Transferring heavy cash was time consuming, expensive, and risky, so the simple merchant promise to pay “constituted a form of peer-to-peer credit that proved crucial to the development of European commerce from the late-medieval period down to the 19th century.”
His point seemingly being that finance is more than just currency in as far as it being a dollar or gold, it is also instruments that facilitate the movement of that currency or its attribution.
“DeFi defies the skeptics to unleash a financial revolution as transformative as the e-commerce revolution of Web 2.0,” Ferguson said without providing much detail on how exactly he expects it to do so.
His primary aim so seemingly being to provide a counter-voice to the doom shouting of Paul Krugman or Nouriel Roubini. Stating:
“Economists have generally been unreceptive to cryptocurrency, if not downright hostile to it. I suspect this is because their discipline implicitly prefers the structures of financial intermediation to remain static, to avoid overcomplicating the mathematical models they are so fond of. Financial history, by contrast, enables one to discern both long-term trends in prices and revolutionary changes in markets.”
Markets. His argument being that one has to look at both substance and form, that while gold is ‘money,’ IoUs are money too, just a different sort. And thus while eth or bitcoin might not necessarily be ‘money’ for coffee, they are a financial instrument for the market.
He calls bitcoin an option on gold, but ethereum seems to excite him more, stating that “ethereum offer something different: the possibility of re-engineering the financial system on the basis of ‘smart contracts.'”
Re-engineering. So bringing us back to his example where the increased availability of cheap paper led to a new method of representing value that greatly benefited commerce.

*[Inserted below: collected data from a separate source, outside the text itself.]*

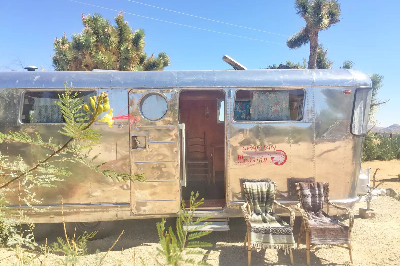 When people talk about van life, this is what they’re dreaming of: a spacious, refurbished trailer complete with a kitchen, a full bathroom and shower, a cozy bedroom, and 1.5 acres of land to freely roam. The 1950 Spartan was once owned by a family who used it to traverse the highways of America back in the 1950s, On the Road-style. You will feel damn cool staying in it, and we imagine Jack Kerouac would approve. Close to the park, you’re also less than 20 minutes away from J-Tree must-sees like the Integratron and Giant Rock. It’s available to rent through Hipcamp, which is kind of like Airbnb’s cousin who likes to camp.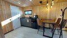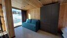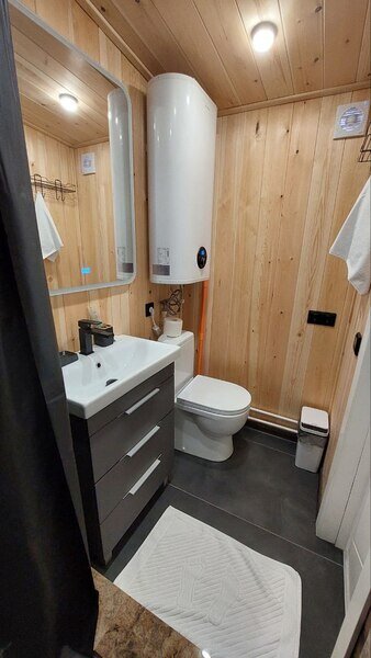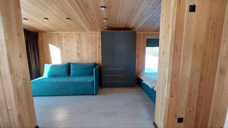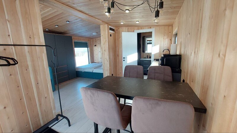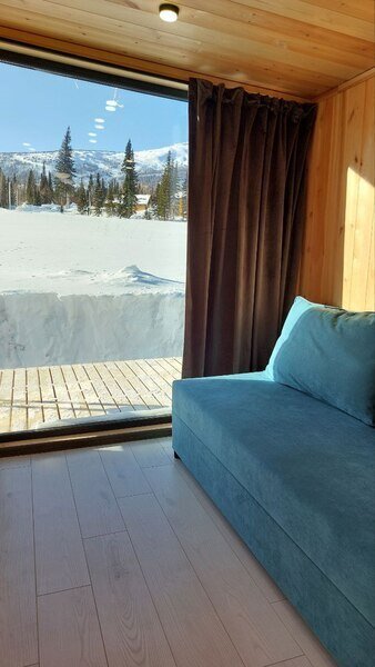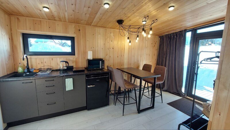 В доме имеется все необходимое для комфортного проживания. Спальное место представлено кроватью, также есть диван. Для хранения вещей установлен шкаф, а также рейл с вешалками. Собственный санузел оснащен зеркалом, душем, водонагревателем и набором полотенец. А с панорамного окна открывается красивый вид.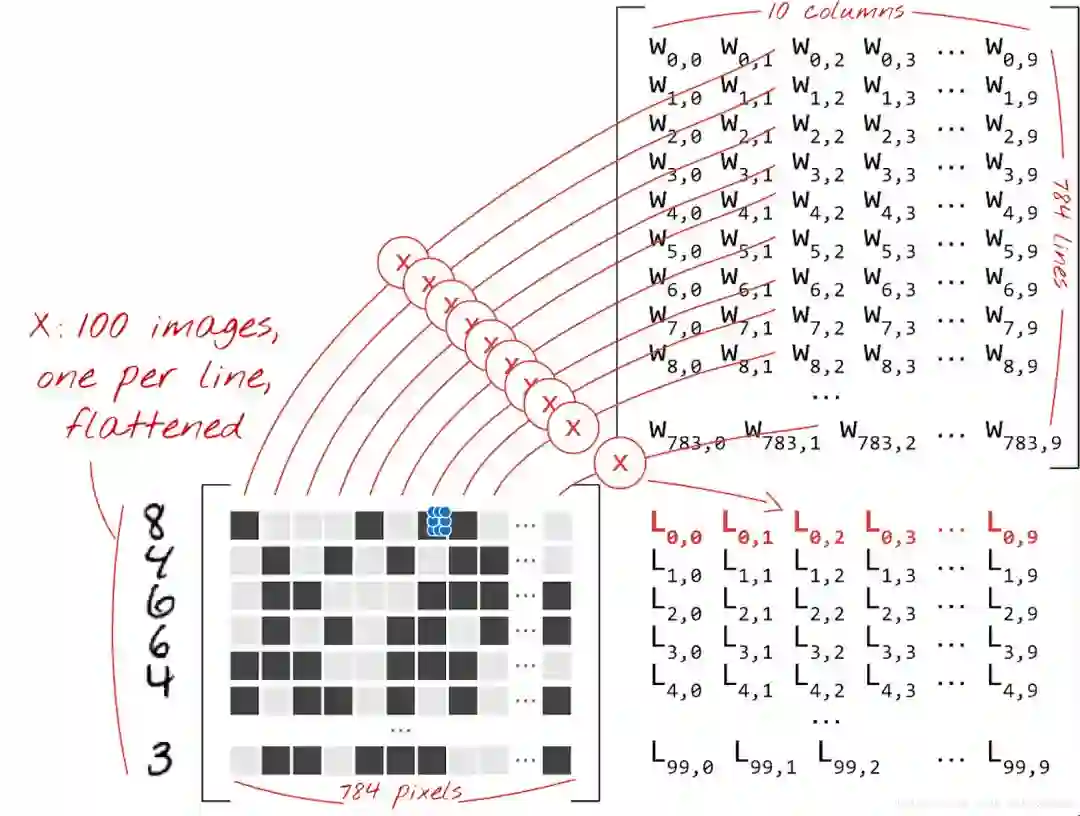 使用加权矩阵W中的第一列加权,我们计算第一张图像的所有像素的加权和。这个和值对应于第一个神经元。使用第二列权重,我们对第二个神经元做同样的事情,直到第10个神经元。然后,我们可以重复对剩余99张图像的操作。如果我们称X为包含我们100个图像的矩阵,则在100个图像上计算的我们10个神经元的所有加权和仅仅是XW(矩阵乘法)。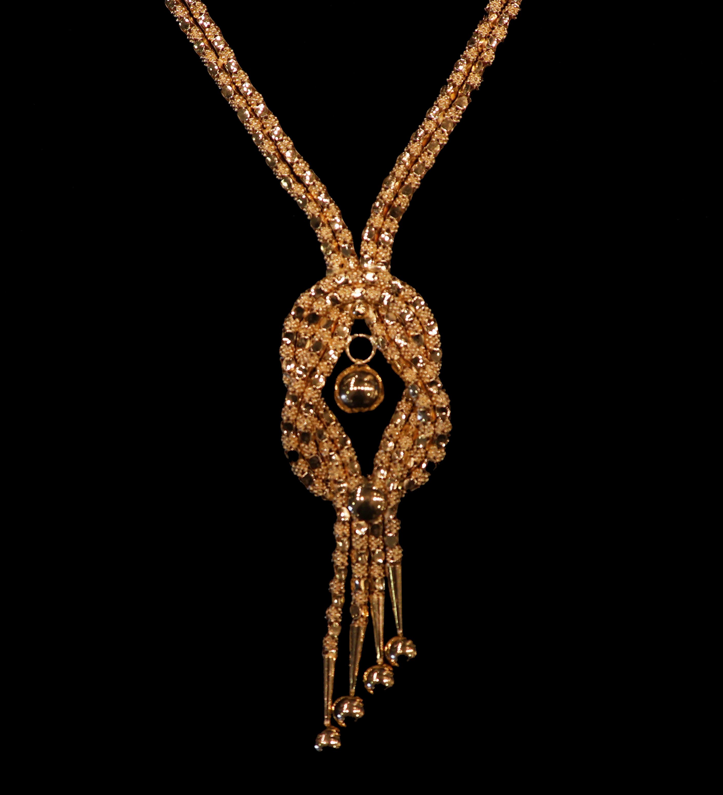 A modern kuzhalmothiram. The necklace has become lighter in weight in its contemporary form, but still retains the tubular drum like kuzhal shape which is completed with a pendant. It is no longer worn for tradition but for ornamental purposes. Photograph by Devaki Vadakepat Menon, at Thottan Jewellers in Thrissur. 2025

The invention of code, and code based money, which has significant advantages over paper, will likewise revolutionize finance, Ferguson says, with one potential key area being the peer to peer lending and borrowing of value with automatic and autonomous interest rates which fluctuate by the second based on the increase or decrease in demand on borrowing or lending.
The establishment of money pools or liquidity pools in Uniswap further allows for the direct exchange of different assets which gradually may extend to other areas outside of crypto to lubricate general commerce.
Thus while some economists speak of a crypto winter, Ferguson sees something more fundamental and say:
“Applying financial history to the future, I expect this crypto winter soon to pass. It will be followed by a spring.”